§ **What is expected**
I would like the lines below, from the one with "وعكرمة مولى ابن" through the one with "10 цен на Средство", copied exactly and without any pictures.

§ **Provided material**
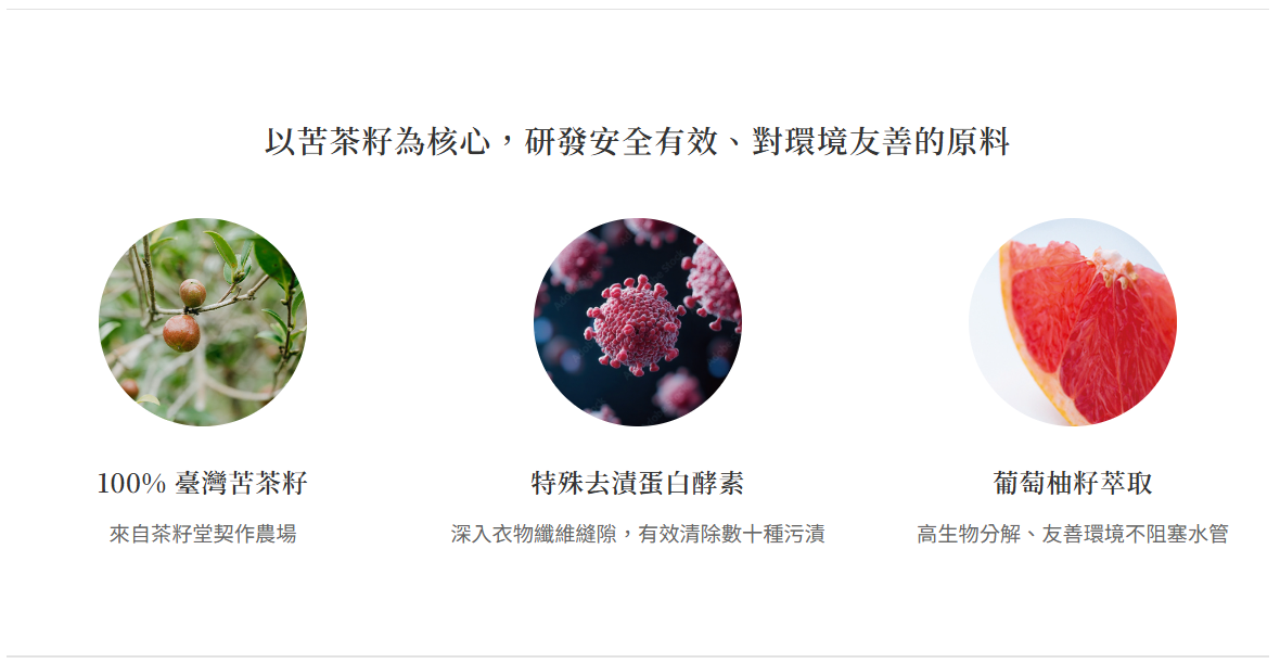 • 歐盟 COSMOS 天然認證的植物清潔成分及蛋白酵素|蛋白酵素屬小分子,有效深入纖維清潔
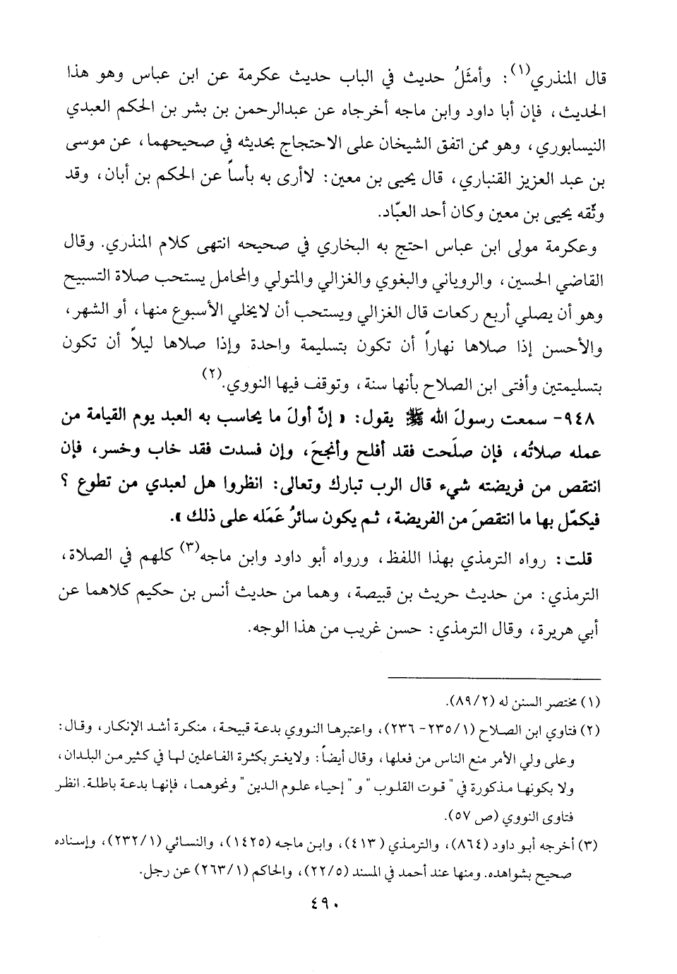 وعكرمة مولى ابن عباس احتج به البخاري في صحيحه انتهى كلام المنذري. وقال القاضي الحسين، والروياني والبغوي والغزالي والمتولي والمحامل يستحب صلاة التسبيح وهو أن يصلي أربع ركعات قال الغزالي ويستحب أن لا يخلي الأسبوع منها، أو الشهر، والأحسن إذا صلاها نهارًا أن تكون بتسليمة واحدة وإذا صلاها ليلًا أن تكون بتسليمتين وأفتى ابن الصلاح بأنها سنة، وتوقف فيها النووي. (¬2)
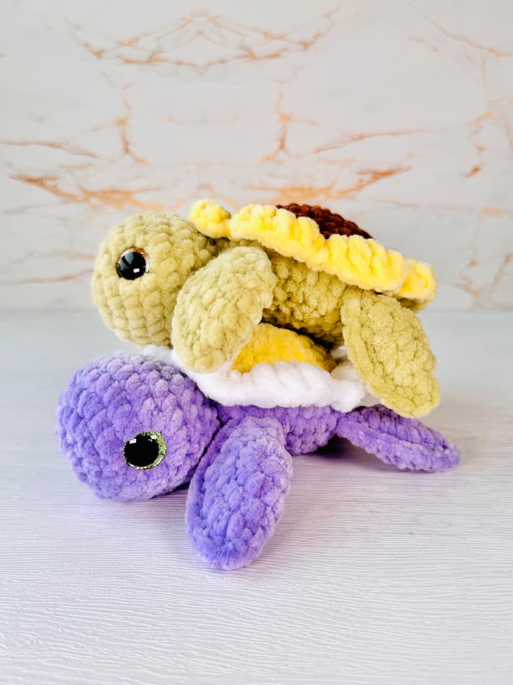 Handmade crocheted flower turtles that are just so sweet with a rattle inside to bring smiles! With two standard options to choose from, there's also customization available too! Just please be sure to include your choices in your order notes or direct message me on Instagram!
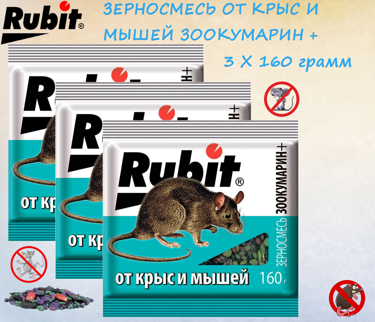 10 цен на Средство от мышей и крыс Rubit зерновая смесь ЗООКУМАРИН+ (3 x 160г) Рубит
--
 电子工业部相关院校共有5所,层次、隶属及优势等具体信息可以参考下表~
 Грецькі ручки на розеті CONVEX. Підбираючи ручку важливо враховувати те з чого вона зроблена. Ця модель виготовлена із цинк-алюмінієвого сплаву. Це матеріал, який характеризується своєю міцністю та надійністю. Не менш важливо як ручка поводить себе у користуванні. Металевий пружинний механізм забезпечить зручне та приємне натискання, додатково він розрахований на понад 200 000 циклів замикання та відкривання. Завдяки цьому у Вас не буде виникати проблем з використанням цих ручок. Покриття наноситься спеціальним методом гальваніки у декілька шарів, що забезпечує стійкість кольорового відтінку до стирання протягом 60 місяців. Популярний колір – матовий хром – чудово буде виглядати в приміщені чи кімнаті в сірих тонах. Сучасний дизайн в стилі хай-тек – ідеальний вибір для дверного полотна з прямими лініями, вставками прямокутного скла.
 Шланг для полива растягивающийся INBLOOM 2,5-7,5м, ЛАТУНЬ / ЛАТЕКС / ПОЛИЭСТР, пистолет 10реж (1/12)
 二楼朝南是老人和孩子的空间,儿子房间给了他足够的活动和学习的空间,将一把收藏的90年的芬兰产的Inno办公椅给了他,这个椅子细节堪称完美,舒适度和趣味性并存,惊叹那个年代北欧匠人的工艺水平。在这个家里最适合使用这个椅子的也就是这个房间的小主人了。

§ **Answer to the exercise**
 وعكرمة مولى ابن عباس احتج به البخاري في صحيحه انتهى كلام المنذري. وقال القاضي الحسين، والروياني والبغوي والغزالي والمتولي والمحامل يستحب صلاة التسبيح وهو أن يصلي أربع ركعات قال الغزالي ويستحب أن لا يخلي الأسبوع منها، أو الشهر، والأحسن إذا صلاها نهارًا أن تكون بتسليمة واحدة وإذا صلاها ليلًا أن تكون بتسليمتين وأفتى ابن الصلاح بأنها سنة، وتوقف فيها النووي. (¬2)
 Handmade crocheted flower turtles that are just so sweet with a rattle inside to bring smiles! With two standard options to choose from, there's also customization available too! Just please be sure to include your choices in your order notes or direct message me on Instagram!
 10 цен на Средство от мышей и крыс Rubit зерновая смесь ЗООКУМАРИН+ (3 x 160г) Рубит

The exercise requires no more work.